Fix/android anr advert throttle#146
1technophile wants to merge 3 commits into
developmentfrom
fix/android-anr-advert-throttle

Conversation

@1technophile

@1technophile 1technophile commented Jun 22, 2026

Copy link
Copy Markdown
Member

Description:

Summary

Two Android stability fixes for crash clusters seen in 1.5.0, plus diagnostics to measure them. All BLE-advert processing and Android rendering related; validated on two physical phones.

  1. IME ANR — per-device BLE advertisement throttle (8b8c440)
  2. EGL makeCurrent abort — force the basic render loop on Android (460cca8)
  3. Instrumentation — make the throttle's effect + GUI-thread responsiveness readable on any device (9b0d10f)

Reviewable commit-by-commit.


1. fix(android): throttle per-device BLE adverts to prevent IME ANR

Symptom: ANR with main (Android UI) thread stack
handleWindowFocusChanged → IME startInput → QtEditText.onCreateInputConnection → QtInputConnection.getExtractedText → QMetaObject::invokeMethodImpl → QMetaMethodInvoker::invokeImpl → futex.
Root cause: getExtractedText() is a Qt::BlockingQueuedConnection round-trip from the Android UI thread into the Qt GUI thread (qtMainLoopThread). bleDevice_updated() decodes + updates the model synchronously on that GUI thread for every
advertisement the OS delivers
. In a dense BLE field the flood of queued deviceUpdated events keeps the GUI thread out of its event loop; when a focused text field then triggers the IME round-trip and the GUI thread can't service it within Android's
5 s input-dispatch deadline, the app ANRs.

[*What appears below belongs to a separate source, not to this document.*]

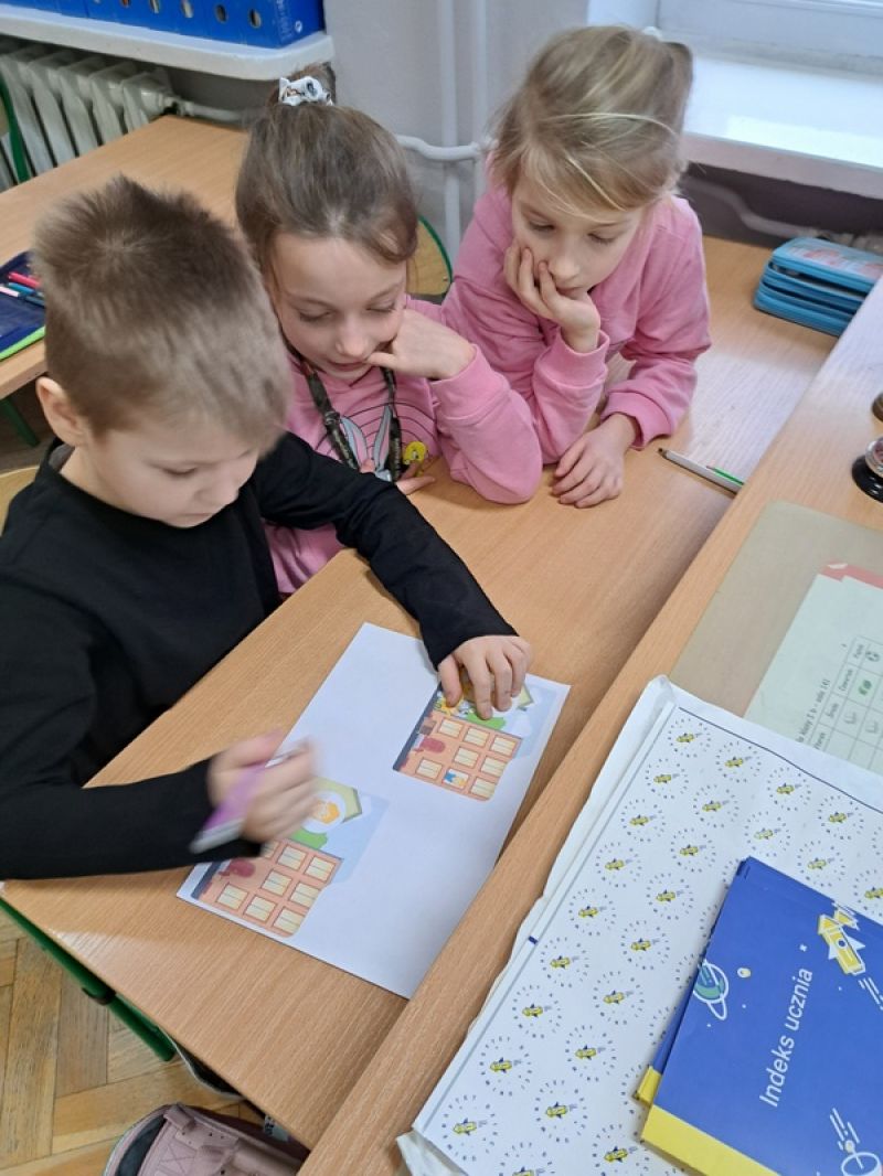 Uczniowie klasy 1e realizują projekt Uniwersytetu Dzieci "Ciekawskie pierwszaki. Jak poznawać świat w klasie."

Fix: coalesce adverts to at most one decode per device per second, so the per-device processing rate — and thus the GUI-thread backlog — is bounded at the source. The first advert from a device always passes (new devices appear immediately); the
nearby/RSSI-finder path (updateNearbyBleDevice) is separate and unaffected; a small prune keeps the map bounded against MAC-rotating devices. Also hoists the per-iteration TheengsDecoder construction to one instance per call.

2. fix(android): force basic render loop to avoid EGL makeCurrent abort

Symptom: hard abort() with QRhi::beginFrame → QOpenGLContext::makeCurrent → libqtforandroid → QMessageLogger::fatal → abort on a render thread (1.5.0 field crashes, Android 16).

Root cause: the threaded Qt Quick render loop races the Android SurfaceView lifecycle across background/foreground transitions. When eglCreateWindowSurface fails mid-transition, QAndroidPlatformOpenGLWindow::ensureEglSurfaceCreated() calls
qFatal(). Still unfixed upstream (present in qtbase v6.10.3 / 6.10 / dev; tracked loosely by QTBUG-142195), so a Qt bump doesn't help. Theengs is unusually exposed because its foreground BLE-scan service keeps the process alive across many surface
destroy/recreate cycles.

Fix: qputenv("QSG_RENDER_LOOP", "basic") on Android (only if unset) before QGuiApplication, moving rendering onto the GUI thread serialized with surface events — removing the race. An explicit override is still respected.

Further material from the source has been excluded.